The more I play around with rmongodb, the more questions/problems come up with respect to running advanced queries.
First I present some example data before I go into detail about the different types of queries that I can't seem to specify correctly.
The example is taken from the MongoDB website and has been simplified a bit.
pkg <- "rmongodb"
if (!require(pkg, character.only=TRUE)) {
install.packages(pkg)
require(pkg, character.only=TRUE)
}
# Connect to DB
db <- "test"
ns <- "posts"
mongo <- mongo.create(db=db)
# Insert document to collection 'test.users'
b <- mongo.bson.from.list(list(
"_id"="alex",
name=list(first="Alex", last="Benisson"),
karma=1.0,
age=30,
test=c("a", "b")
))
mongo.insert(mongo, "test.users", b)
# Insert document to collection 'test.posts'
b <- mongo.bson.from.list(list(
"_id"="abcd",
when=mongo.timestamp.create(strptime("2011-09-19 02:00:00",
"%Y-%m-%d %H:%M:%s"), increment=1),
author="alex",
title="Some title",
text="Some text.",
tags=c("tag.1", "tag.2"),
votes=5,
voters=c("jane", "joe", "spencer", "phyllis", "li"),
comments=list(
list(
who="jane",
when=mongo.timestamp.create(strptime("2011-09-19 04:00:00",
"%Y-%m-%d %H:%M:%s"), increment=1),
comment="Some comment."
),
list(
who="meghan",
when=mongo.timestamp.create(strptime("2011-09-20 13:00:00",
"%Y-%m-%d %H:%M:%s"), increment=1),
comment="Some comment."
)
)
)
)
b
mongo.insert(mongo, "test.posts", b)
Two questions related to inserting JSON/BSON objects:
voters
: is it correct to use c()
in this case?comments
: what's the right way to specify this, c()
or list()
?Top level queries work just fine:
# Get all posts by 'alex' (only titles)
res <- mongo.find(mongo, "test.posts", query=list(author="alex"),
fields=list(title=1L))
out <- NULL
while (mongo.cursor.next(res))
out <- c(out, list(mongo.bson.to.list(mongo.cursor.value(res))))
> out
[[1]]
_id title
"abcd" "No Free Lunch"
How can run a simple "sub level queries" (as opposed to top level queries) that need to reach into arbitrarily deep sublevels of a JSON/BSON style MongoDB object? These sub level queries make use of MongoDB's dot notation and I can't seem to figure out how to map that to a valid rmongodb query
In plain MongoDB syntax, something like
> db.posts.find( { comments.who : "meghan" } )

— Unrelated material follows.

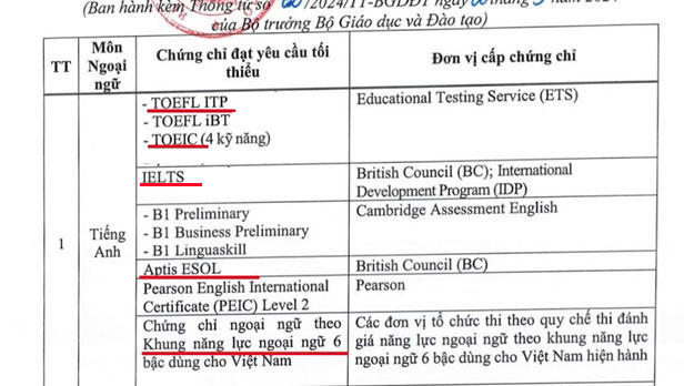 Hình ảnh các loại chứng chỉ được Bộ cho phép. Thí sinh lưu ý tránh thi các chứng chỉ giả mạo.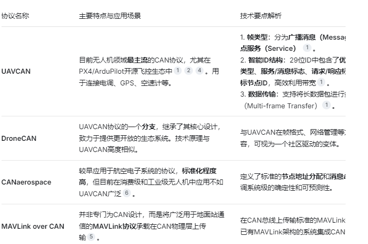 无人机上常用的高层协议都构建在基础CAN 2.0B标准之上(使用29位扩展标识符),主要有以下几种:

would work. But I can't figure out how to do that with rmongodb functions
Here's what I tried so far
# Get all comments by 'meghan' from 'test.posts'
#--------------------
# Approach 1)
#--------------------
res <- mongo.find(mongo, "test.posts", query=list(comments=list(who="meghan")))
out <- NULL
while (mongo.cursor.next(res))
out <- c(out, list(mongo.bson.to.list(mongo.cursor.value(res))))
> out
NULL
# Does not work
#--------------------
# Approach 2)
#--------------------
buf <- mongo.bson.buffer.create()
mongo.bson.buffer.start.object(buf, "comments")
mongo.bson.buffer.append(buf, "who", "meghan")
mongo.bson.buffer.finish.object(buf)
query <- mongo.bson.from.buffer(buf)
res <- mongo.find(mongo, "test.posts", query=query)
out <- NULL
while (mongo.cursor.next(res))
out <- c(out, list(mongo.bson.to.list(mongo.cursor.value(res))))
> out
NULL
# Does not work
$
OperatorsThese work
Query 1
buf <- mongo.bson.buffer.create()
mongo.bson.buffer.start.object(buf, "age")
mongo.bson.buffer.append(buf, "$lte", 30)
mongo.bson.buffer.finish.object(buf)
criteria <- mongo.bson.from.buffer(buf)
criteria
> mongo.find.one(mongo, "test.users", query=criteria)
_id : 2 alex
name : 3
first : 2 Alex
last : 2 Benisson
karma : 1 1.000000
age : 1 30.000000
test : 4
0 : 2 a
1 : 2 b
Query 2
buf <- mongo.bson.buffer.create()
mongo.bson.buffer.start.object(buf, "test")
mongo.bson.buffer.append(buf, "$in", c("a", "z"))
mongo.bson.buffer.finish.object(buf)
criteria <- mongo.bson.from.buffer(buf)
criteria
mongo.find.one(mongo, "test.users", query=criteria)
However, notice that an atomic set will result in a return value of NULL
mongo.bson.buffer.append(buf, "$in", "a")
# Instead of 'mongo.bson.buffer.append(buf, "$in", c("a", "z"))'
Trying the same with sub level queries I'm lost again
buf <- mongo.bson.buffer.create()
mongo.bson.buffer.start.object(buf, "name")
mongo.bson.buffer.start.object(buf, "first")
mongo.bson.buffer.append(buf, "$in", c("Alex", "Horst"))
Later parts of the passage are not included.